__WORK TO BE COMPLETED__
Pictures stay out of the copy. Retype exactly the lines below from the one with "Musculosa para adulto" through the one with "만들고 싶은 배경 주제를".

__EXERCISE MATERIAL__

+++

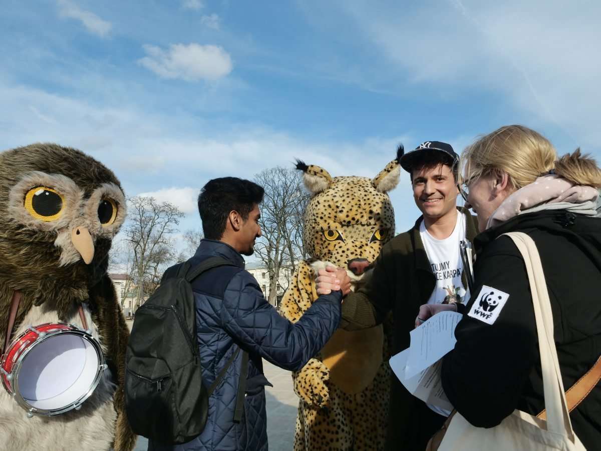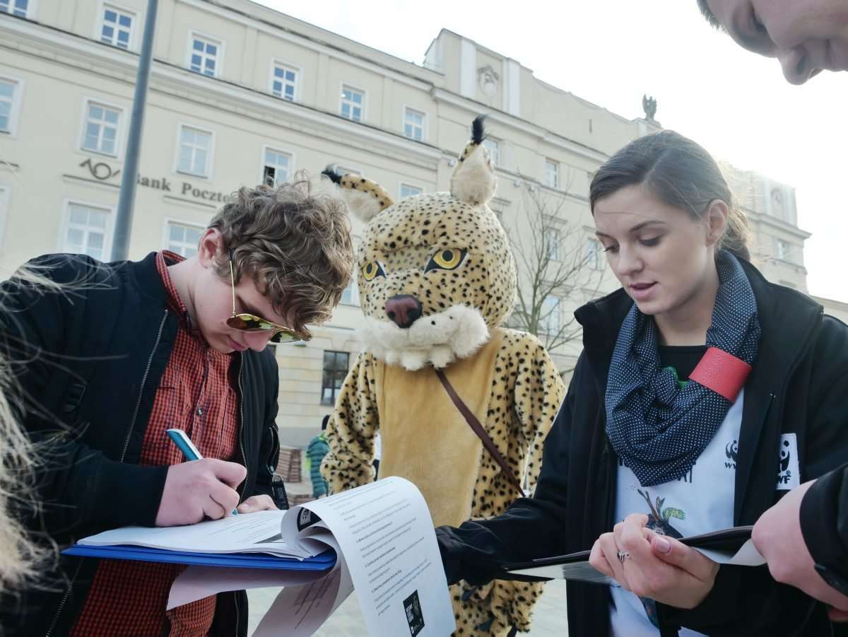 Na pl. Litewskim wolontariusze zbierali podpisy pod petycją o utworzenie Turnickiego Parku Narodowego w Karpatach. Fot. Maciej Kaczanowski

+++

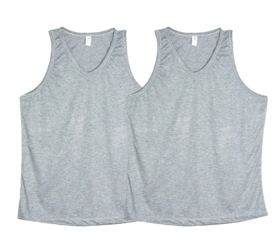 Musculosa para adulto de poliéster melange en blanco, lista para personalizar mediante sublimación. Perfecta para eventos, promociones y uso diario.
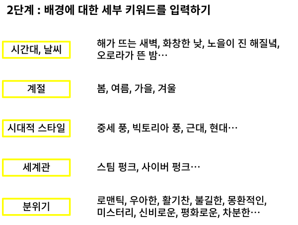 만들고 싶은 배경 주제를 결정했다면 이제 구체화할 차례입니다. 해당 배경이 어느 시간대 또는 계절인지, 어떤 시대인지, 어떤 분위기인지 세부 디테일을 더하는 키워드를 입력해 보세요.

+++

__OUTPUT FOR THIS TASK__
 Musculosa para adulto de poliéster melange en blanco, lista para personalizar mediante sublimación. Perfecta para eventos, promociones y uso diario.
 만들고 싶은 배경 주제를 결정했다면 이제 구체화할 차례입니다. 해당 배경이 어느 시간대 또는 계절인지, 어떤 시대인지, 어떤 분위기인지 세부 디테일을 더하는 키워드를 입력해 보세요.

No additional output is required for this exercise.